"What If..." and Discrete Variables To Help Solve Nonlinear Programming Problems: Another Illustration
Second Edition
Jsun Yui Wong
Similar to the computer program of the preceding paper, the computer program listed below seeks to solve the following mathematical formulation in Wang, Zhang, and Gao [99, p. 1514, Example 3], which is as follows:
Minimize
X(1)
subject to
.274 * X(4) * X(5) ^ 4 + 2520.66 * X(2) * X(5) ^ 5 + X(1) * X(4) ^ 2 - X(1) * X(2) * X(3) * X(4) + 1 <= 1
X(2) * X(3) ^ -1 * X(4) <= 1
X(2) * X(5) ^ 4 <= 1
X(4) * X(5) ^ 3 <= 1
10 ^ -12 <= X(1) <= 2
20<= X(2) <= 35
120 <= X(3) <= 160
1 <= X(4) <= 10
10 ^ 6 <= X(5) <= 1.
0 DEFDBL A-Z
1 REM DEFINT I, J
2 DIM B(99), N(99), A(200), H(99), L(99), U(99), X(200), D(111), P(111), PS(33), J(99), AA(99), HR(32), HHR(32), LHS(44), PLHS(44), LB(22), UB(22), PX(44), J44(44), PN(22), NN(22)

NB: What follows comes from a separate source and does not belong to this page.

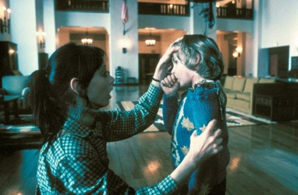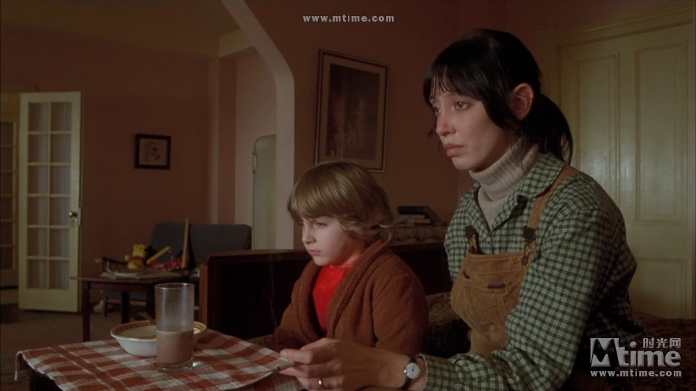 不仅现实本身给予了他无穷的压力,妻子的贤惠亦令他无比的痛苦。她起初想必也是他的书迷(当被告知山庄中曾发生过恶性命案时,杰克说“我妻子不会在意的,她最喜欢读恐怖故事”),结婚之前大概也同他有过极为浪漫的时光(杰克在楼梯上发飙时曾说过一句“light of my life”),至今仍在坚定地支持他的写作,只不过起了一点变化:孩子降生以后,她的柴米油盐酱醋茶程度要远甚于以往了,儿子而非丈夫占据了她生活的中心。这一方面将这对夫妇划分到了“理想”与“现实”两个平行世界——永远埋首家务的妻子,一举一动都仿佛在暗示着他这个世界有多么的世俗;另一方面,纵使琐事缠身、境况贫穷,妻子也始终满面笑容,这就没有给杰克任何发泄的借口,只能把种种郁结堆积在心灵深处。

79 FOR JJJJ = -32000 TO 32000 STEP .01
89 RANDOMIZE JJJJ
90 M = -3D+30
95 A(1) = (100 * (1D-12 + RND * (2 - 1D-12))) / 100
97 A(2) = INT(100 * (20 + RND * 15)) / 100
98 A(3) = INT(100 * (120 + RND * 40)) / 100
99 A(4) = INT(100 * (1 + RND * 9)) / 100
100 A(5) = (100 * (1D-06 + RND * (1 - 1D-06))) / 100
124 FOR I = 1 TO 4000
129 FOR KKQQ = 1 TO 5
130 X(KKQQ) = A(KKQQ)
131 NEXT KKQQ
133 FOR IPP = 1 TO FIX(1 + RND * 3)
140 B = 1 + FIX(RND * 5)
144 IF RND < .5 THEN 160 ELSE GOTO 166
160 r = (1 - RND * 2) * A(B)
164 X(B) = A(B) + FIX((RND ^ (RND * 15)) * r)
165 GOTO 168
166 IF RND < .5 THEN X(B) = A(B) - FIX(RND * 2) ELSE X(B) = A(B) + FIX(RND * 2)
168 NEXT IPP
191 IF X(1) < 1D-12 THEN 1670
192 IF X(1) > 2 THEN 1670
193 IF X(2) < 20 THEN 1670
194 IF X(2) > 35 THEN 1670
195 IF X(3) < 120 THEN 1670
196 IF X(3) > 160 THEN 1670
197 IF X(4) < 1 THEN 1670
198 IF X(4) > 10 THEN 1670
199 IF X(5) < 1D-06 THEN 1670
200 IF X(5) > 1 THEN 1670
205 IF X(2) * X(5) ^ 4 > 1 THEN 1670
206 IF X(4) * X(5) ^ 3 > 1 THEN 1670
208 IF X(2) * X(3) ^ -1 * X(4) > 1 THEN 1670
277 IF .274 * X(4) * X(5) ^ 4 + 2520.66 * X(2) * X(5) ^ 5 + X(1) * X(4) ^ 2 - X(1) * X(2) * X(3) * X(4) + 1 > 1 THEN 1670
463 PD1 = -X(1)
466 P = PD1
1111 IF P <= M THEN 1670
1452 M = P
1454 FOR KLX = 1 TO 5
1455 A(KLX) = X(KLX)
1456 NEXT KLX
1670 NEXT I
1891 IF M < -1D-05 THEN 1999
1899 PRINT A(1), A(2), A(3), A(4), A(5), M, JJJJ
1999 NEXT JJJJ
This computer program was run with qb64v1000-win [102]. The complete output of one run through JJJJ=
-26174.04000093257 is shown below:
3.457070396970928D-06 26.81 121.14 3.87
3.604132965558767D-02 -3.457070396970928D-06 -31841.3100000254
1.311302685103044D-06 22.19 131 5.220000000000001
2.179428408056498D-02 -1.311302685103044D-06 -31183.17000013075
3.337860607466325D-06 34.47 136.08 3.03
7.472077123641968D-03 -3.337860607466325D-06 -26174.04000093257
Above there is no rounding by hand; it is just straight copying by hand from the monitor screen. On a personal computer with Processor Intel Pentium CPU G620@ 2.60GHz, 4.00 GB of RAM, 64-bit Operating System, and QB64v1000-win [102], the wall-clock time (not CPU time) for obtaining the output through
JJJJ = -26174.040000993257 was 45 minutes, counting from "Starting program...". One can compare the computational results above with those in Wang, Zhang, and Gao [99, p. 1515, Table 1, Example 3].
Acknowledgement
I would like to acknowledge the encouragement of Roberta Clark and Tom Clark.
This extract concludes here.